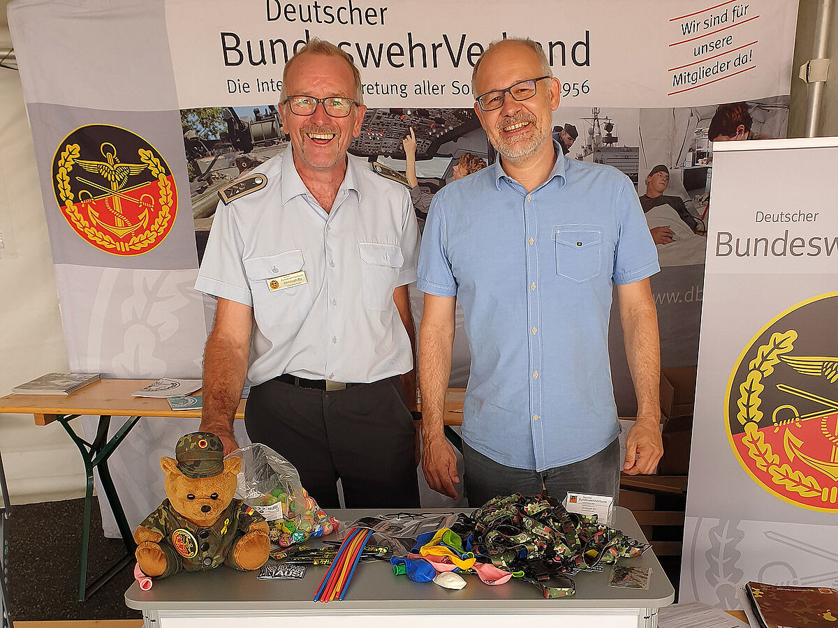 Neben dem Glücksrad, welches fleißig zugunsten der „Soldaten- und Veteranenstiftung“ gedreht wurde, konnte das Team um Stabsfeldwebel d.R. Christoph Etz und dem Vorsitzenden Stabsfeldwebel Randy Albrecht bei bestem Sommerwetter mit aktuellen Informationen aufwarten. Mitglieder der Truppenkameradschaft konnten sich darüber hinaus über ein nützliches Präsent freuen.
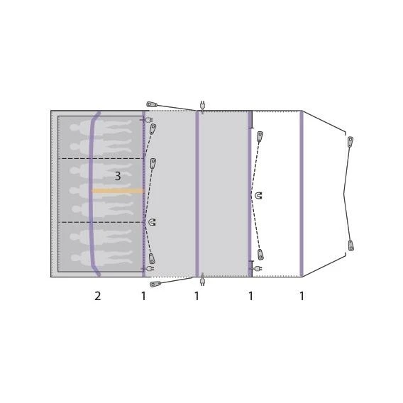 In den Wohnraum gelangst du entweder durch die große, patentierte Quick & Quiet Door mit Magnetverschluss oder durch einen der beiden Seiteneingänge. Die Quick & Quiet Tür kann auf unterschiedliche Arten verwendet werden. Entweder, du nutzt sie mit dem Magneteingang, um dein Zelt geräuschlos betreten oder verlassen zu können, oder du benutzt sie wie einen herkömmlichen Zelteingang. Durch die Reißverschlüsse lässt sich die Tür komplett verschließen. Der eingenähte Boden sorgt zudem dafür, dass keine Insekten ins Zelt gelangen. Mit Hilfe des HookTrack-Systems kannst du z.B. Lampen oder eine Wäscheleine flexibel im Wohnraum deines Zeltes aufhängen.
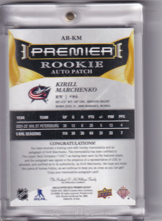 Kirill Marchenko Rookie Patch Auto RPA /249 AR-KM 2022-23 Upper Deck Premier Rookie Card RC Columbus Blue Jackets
───
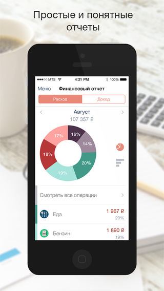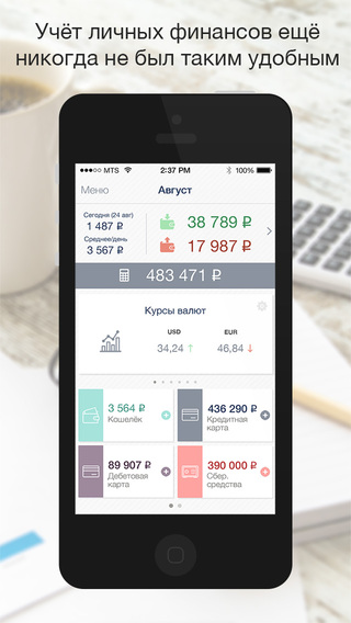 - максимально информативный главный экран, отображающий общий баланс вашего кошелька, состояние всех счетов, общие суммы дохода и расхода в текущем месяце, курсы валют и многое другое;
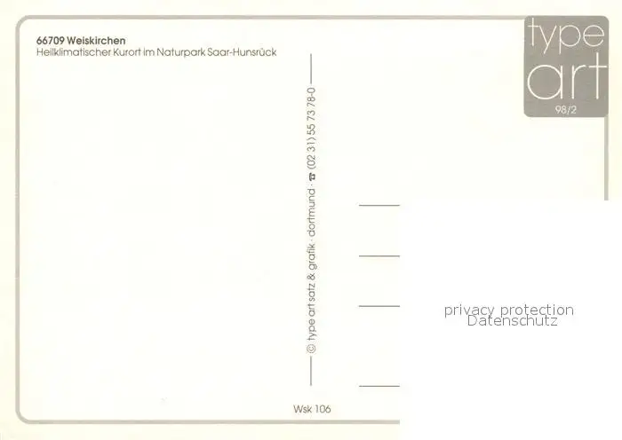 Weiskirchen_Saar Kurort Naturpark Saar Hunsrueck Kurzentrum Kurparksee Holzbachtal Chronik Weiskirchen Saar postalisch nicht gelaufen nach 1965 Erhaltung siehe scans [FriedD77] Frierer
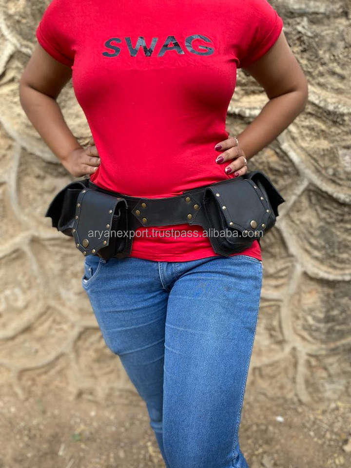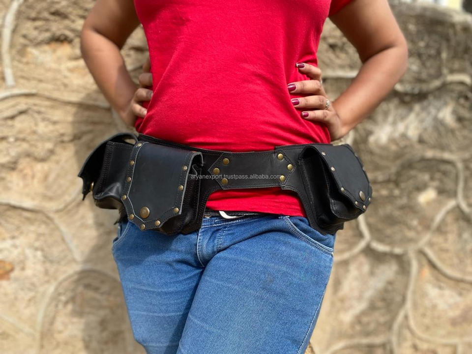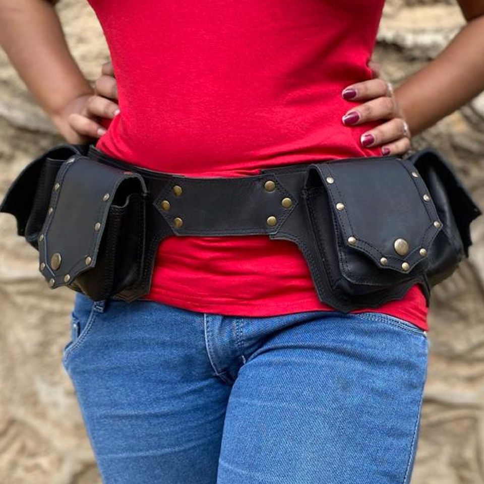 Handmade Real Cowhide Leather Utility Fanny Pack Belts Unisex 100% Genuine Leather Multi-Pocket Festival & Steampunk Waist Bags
───
[Work item] Nothing but the lines above, starting at the line that contains "- максимально информативный" and ending at the line that contains "Handmade Real Cowhide", should be given again, exactly and without the pictures.

[Your response]
 - максимально информативный главный экран, отображающий общий баланс вашего кошелька, состояние всех счетов, общие суммы дохода и расхода в текущем месяце, курсы валют и многое другое;
 Weiskirchen_Saar Kurort Naturpark Saar Hunsrueck Kurzentrum Kurparksee Holzbachtal Chronik Weiskirchen Saar postalisch nicht gelaufen nach 1965 Erhaltung siehe scans [FriedD77] Frierer
 Handmade Real Cowhide Leather Utility Fanny Pack Belts Unisex 100% Genuine Leather Multi-Pocket Festival & Steampunk Waist Bags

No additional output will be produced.